═════ Records for the exercise
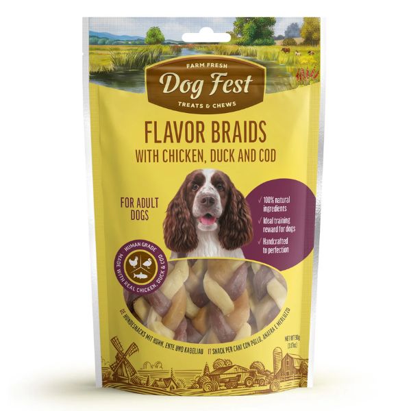 דוג פסט (Dog Fest), חטיפי בשר עוף, ברווז ודג בקלה, 90 גרם
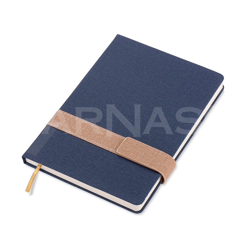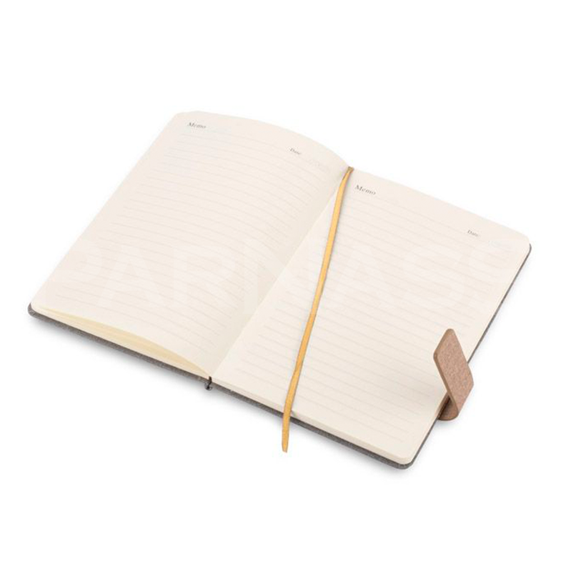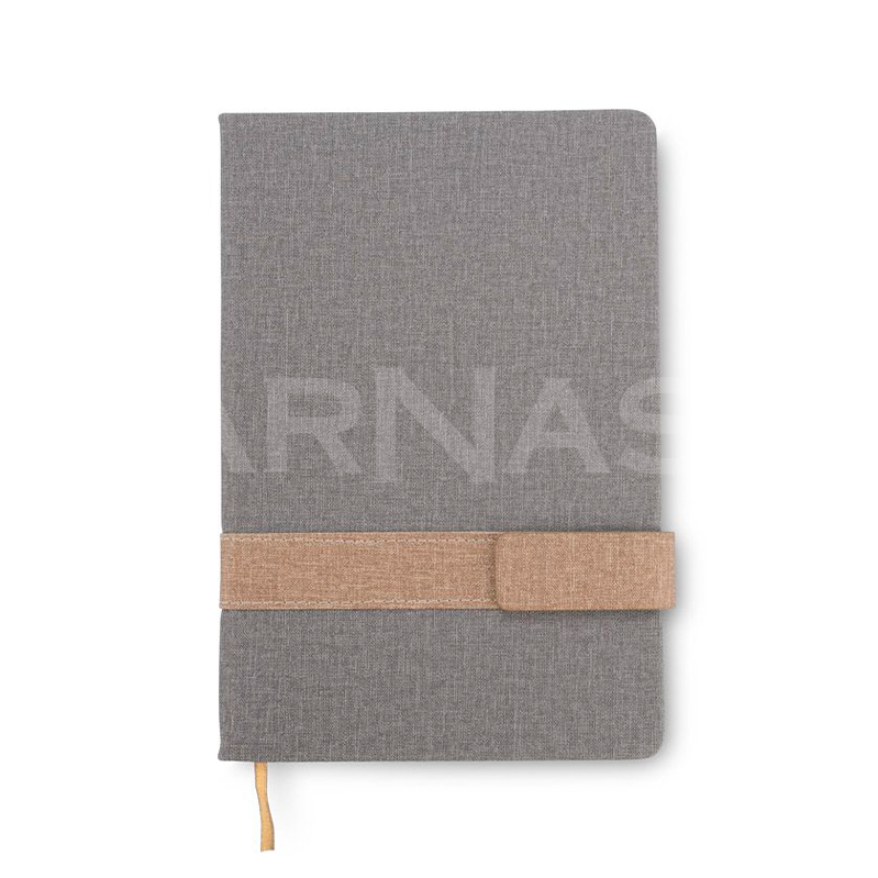 A5 piezīmju bloks ar magnētisku aizdari un melanžētu krāsu (pelēku vai zilu). 96 līniju lapas ar datuma atzīmi augšējā stūrī un grāmatzīmes lentīte ērtai lietošanai.
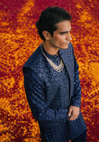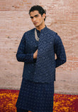 A french navy blue embroidered waistcoat inspired by floral and geometric patterns, crafted in traditional tilla and mirror work.
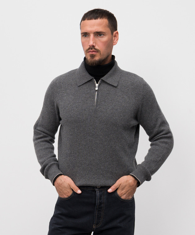 Сірий светр з кашеміру в рубчик
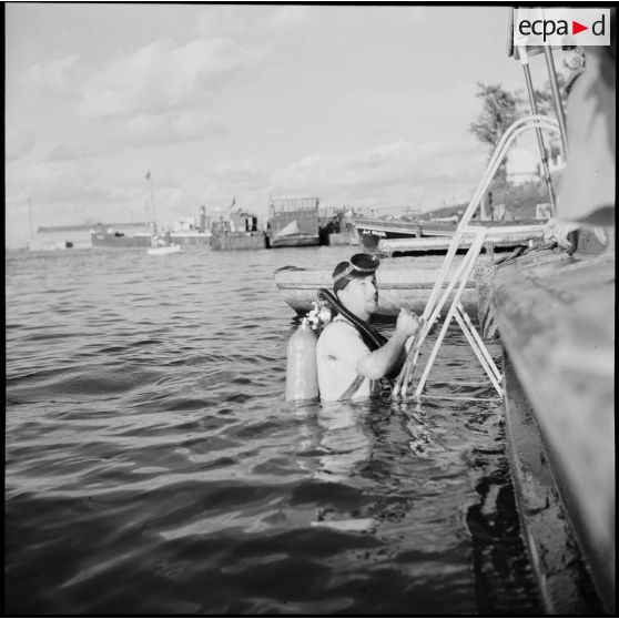 Un plongeur de la Marine nationale récupère les armes jetées dans le canal de Suez par les Egyptiens.
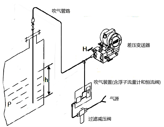 吹氣式液位計(jì)可對敞口或密閉容器內(nèi)的液體進(jìn)行測量。除吹氣管與被測介質(zhì)接觸外,吹氣裝置主要設(shè)備和液位變送器的測量元件均不與被測介質(zhì)接觸,結(jié)構(gòu)簡單可靠,從而保護(hù)了測量元件,減少了儀表的維護(hù)量,增加了測量的可靠性。吹氣式液位計(jì)除了能測量普通液體的液位外,特別適用于惡劣環(huán)境下,例如腐蝕性液體、黏度較大液體、易結(jié)晶液體、高溫液體的液位,廣泛應(yīng)用于石化企業(yè)中。
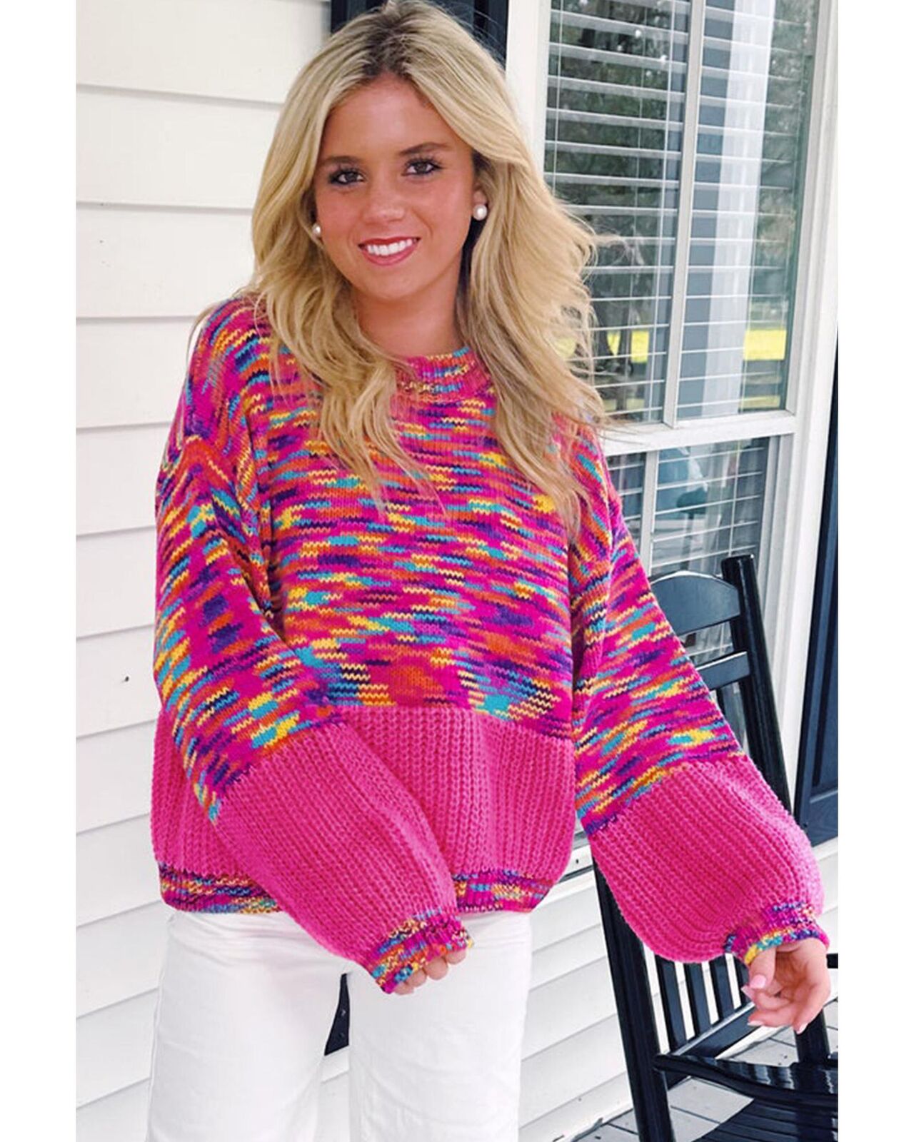 • Bright Pink Rainbow Confetti Drop Shoulder Sweater
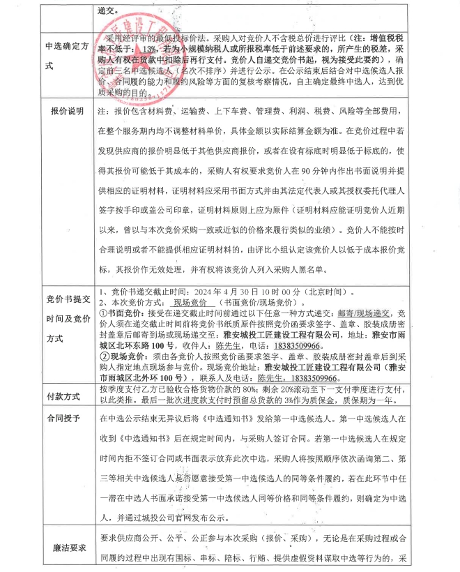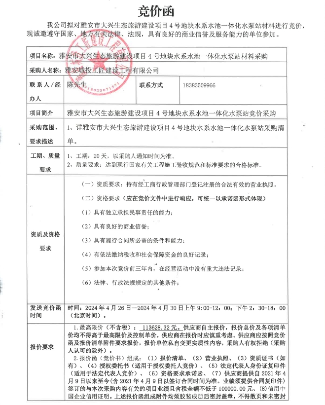 雅安市大興生態(tài)旅游建設項目4號地塊水系水池一體化水泵站材料采購競價公告
══════════
__What is required__.
Omit all images when repeating the data above exactly.

__Expected answer__.
 דוג פסט (Dog Fest), חטיפי בשר עוף, ברווז ודג בקלה, 90 גרם
 A5 piezīmju bloks ar magnētisku aizdari un melanžētu krāsu (pelēku vai zilu). 96 līniju lapas ar datuma atzīmi augšējā stūrī un grāmatzīmes lentīte ērtai lietošanai.
 A french navy blue embroidered waistcoat inspired by floral and geometric patterns, crafted in traditional tilla and mirror work.
 Сірий светр з кашеміру в рубчик
 Un plongeur de la Marine nationale récupère les armes jetées dans le canal de Suez par les Egyptiens.
 吹氣式液位計(jì)可對敞口或密閉容器內(nèi)的液體進(jìn)行測量。除吹氣管與被測介質(zhì)接觸外,吹氣裝置主要設(shè)備和液位變送器的測量元件均不與被測介質(zhì)接觸,結(jié)構(gòu)簡單可靠,從而保護(hù)了測量元件,減少了儀表的維護(hù)量,增加了測量的可靠性。吹氣式液位計(jì)除了能測量普通液體的液位外,特別適用于惡劣環(huán)境下,例如腐蝕性液體、黏度較大液體、易結(jié)晶液體、高溫液體的液位,廣泛應(yīng)用于石化企業(yè)中。
 • Bright Pink Rainbow Confetti Drop Shoulder Sweater
 雅安市大興生態(tài)旅游建設項目4號地塊水系水池一體化水泵站材料采購競價公告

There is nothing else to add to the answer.